В детском саду мы сидели, одетые в специальные фартучки, на маленьких неудобных стульчиках перед низеньким столом и по фребелевской системе лепили из глины различные плоды: вишни, груши, яблоки и в особенности грибы, которые потом раскрашивали эмалевыми красками: ярко-красной, белой, коричневой, зеленой.

Кроме этих неуклюжих фруктов и не менее неуклюжих грибов, которых мы наделали великое множество, мы также плели из ленточек лакированной разноцветной бумаги коврики и корзиночки, что должно было привить нам трудовые навыки.

Мы водили какие-то затейливые хороводы, сопровождающиеся хлопаньем в ладоши и притоптываниями, а также разучивали французские песенки и бесхитростные стишки вроде: “Ля бонн апорт ля лямп; ля п’тит муш турн отур; ля флям атир ля муш; повр петит муш!”

Что значило по-русски: “Няня принесла лампу, маленькая мушка кружилась над ней; пламя убило мушку; бедная маленькая мушка!”

А то мы разучивали и такого рода французскую считалку: “Эн, дё, труа – аллон дан лё буа; катр, сенк, сиз – кёйир дё ля сериз; сет, юит, неф – дан мон панье неф”…
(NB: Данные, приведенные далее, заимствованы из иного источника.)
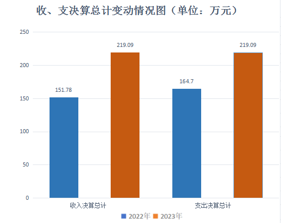2023年度收、支总计均为219.09万元。与2022年度相比,收入总计增加67.31万元,增长44.34%;支出总计增加54.39万元,增长33.02%。主要变动原因是工资福利支出及项目支出增加。

Что обозначало по-русски: “Раз, два, три – пойдем в лес; четыре, пять, шесть – собирать вишни; семь, восемь, девять – в мою новую корзинку” – и так далее, что казалось мне по многим причинам большой чепухой: я еще никогда не видел леса, особенно такого, в котором росли бы вишни, и прочие несообразности, не вызывавшие во мне ни малейшего доверия к пожилым дамам и фребелевской системе.
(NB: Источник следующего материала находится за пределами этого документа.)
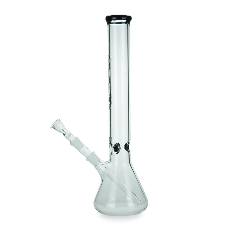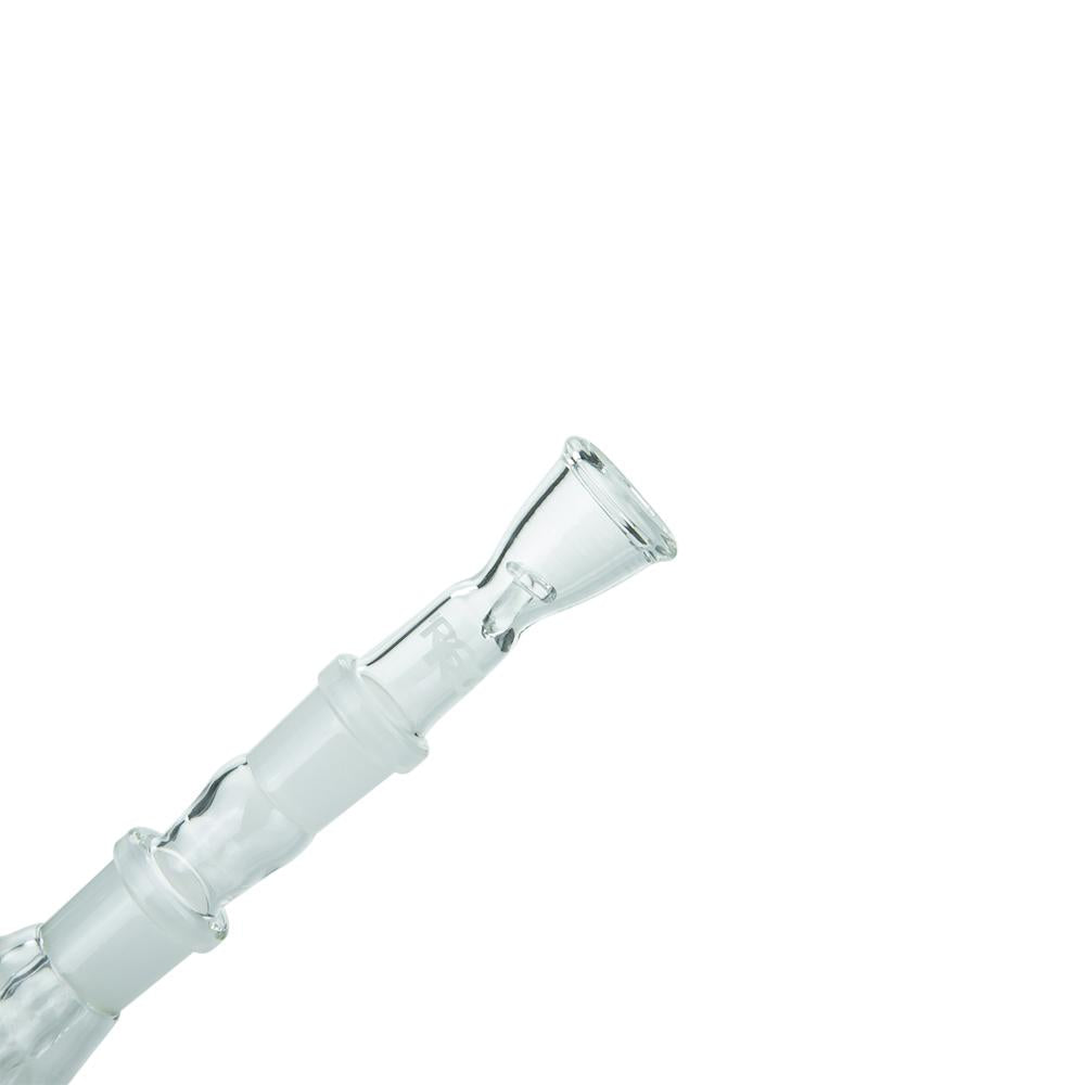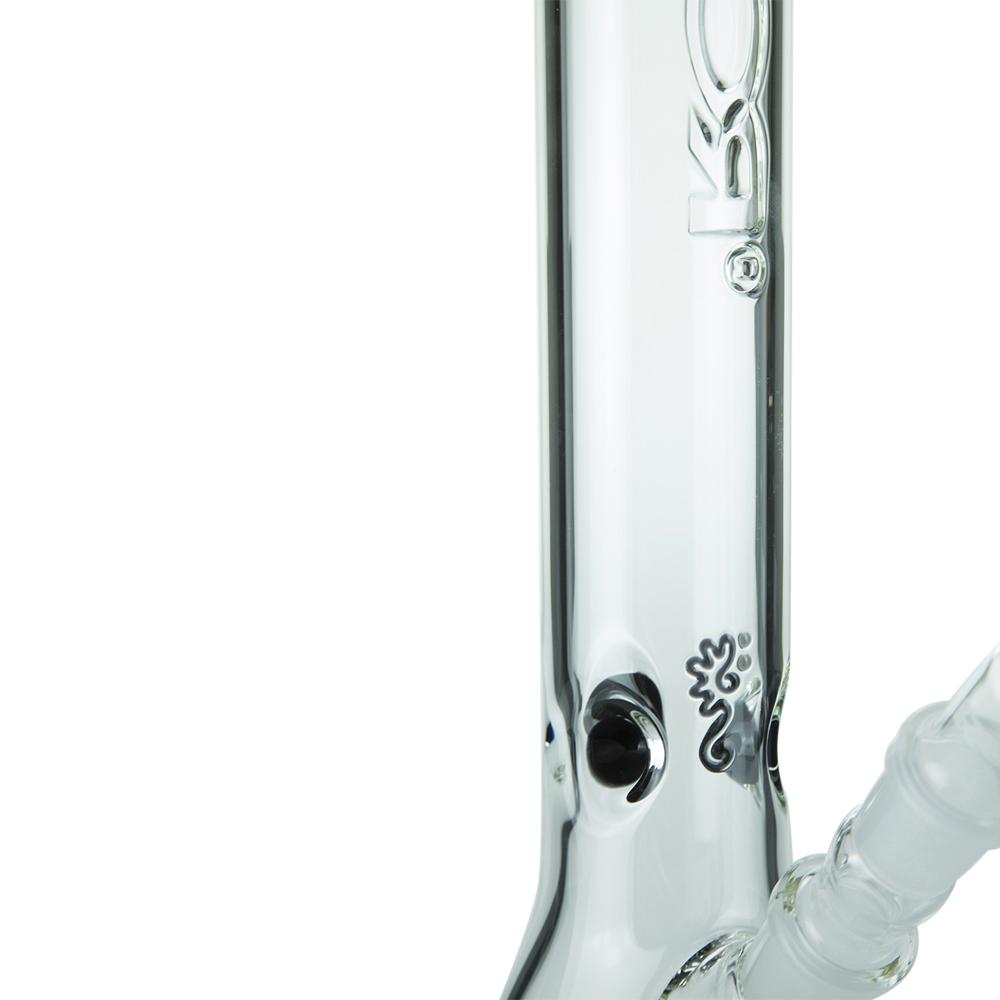 The Roor Bong Custom Little Sista - Dark Knight is crafted using high quality Borosilicate glass. The dark in color mouthpiece of this custom Roor pipe is matched by a dark colored ice notch and sig. This bong offers a 10cm extension that provides more smoke capacity within the chamber than other 35cm Little Sistas, while the ice notches allow you to fill the chamber with even more ice to help smooth and cool the smoke.

Папа, кажется, тоже слегка подсмеивался над затеей отдать меня в детский сад, и называл моих воспитательниц в детском саду с непередаваемой иронией:

– Эти фребелички!

Однако меня продолжали возить на трамке, и я усердно лепил шарики из глины, раскрашивая их разными красками, а также повторял по-французски как попугай:

– Эн, дё, труа – аллон дан лё буа…

Я легко мог превратиться в идиотика, если бы главной фребеличке не пришла в голову мысль – для нашего дальнейшего художественного развития устроить большой публичный спектакль с участием всех мальчиков и девочек детского сада.
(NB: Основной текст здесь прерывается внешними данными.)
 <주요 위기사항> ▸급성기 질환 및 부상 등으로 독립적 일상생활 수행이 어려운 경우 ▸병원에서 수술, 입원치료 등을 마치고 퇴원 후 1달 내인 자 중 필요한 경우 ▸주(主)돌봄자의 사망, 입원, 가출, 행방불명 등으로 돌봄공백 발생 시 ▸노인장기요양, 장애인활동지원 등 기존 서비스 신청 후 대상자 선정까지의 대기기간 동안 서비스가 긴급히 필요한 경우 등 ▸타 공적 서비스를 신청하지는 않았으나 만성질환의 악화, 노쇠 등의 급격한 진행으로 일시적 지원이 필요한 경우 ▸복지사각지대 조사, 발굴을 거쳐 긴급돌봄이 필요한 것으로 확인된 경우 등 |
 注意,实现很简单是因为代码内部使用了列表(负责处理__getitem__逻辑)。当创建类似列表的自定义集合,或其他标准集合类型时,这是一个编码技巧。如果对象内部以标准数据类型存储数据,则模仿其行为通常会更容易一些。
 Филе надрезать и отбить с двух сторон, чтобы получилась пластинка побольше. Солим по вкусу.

Дело сразу поставили на широкую ногу: сняли помещение какого-то средней руки клуба или танцкласса и пригласили в качестве режиссера бывшего артиста, а ныне содержателя театральной школы некоего Завадского, который принадлежал к числу знаменитостей нашего города вроде сумасшедшего Мариашеса или бывшего борца Фосса, о котором с ужасом слушал я рассказы взрослых как о личности колоссальной толщины и огромного, сказочного аппетита.

Рассказывали, что Фосс приходил в ресторан, где его еще не знали, заказывал там сразу четыре порции борща, пять порций котлет, восемь порций пломбира, всё это мгновенно пожирал с хлебом и горчицей – и деловито, быстро исчезал из ресторана, не заплатив ни копейки.

Внезапное появление Фосса в какой-нибудь кондитерской или колбасной вызывало у владельцев ужас как стихийное бедствие, а все остальные съестные лавки в окружности на две версты срочно запирались, и хозяева их с трепетом ожидали, когда нашествие Фосса кончится.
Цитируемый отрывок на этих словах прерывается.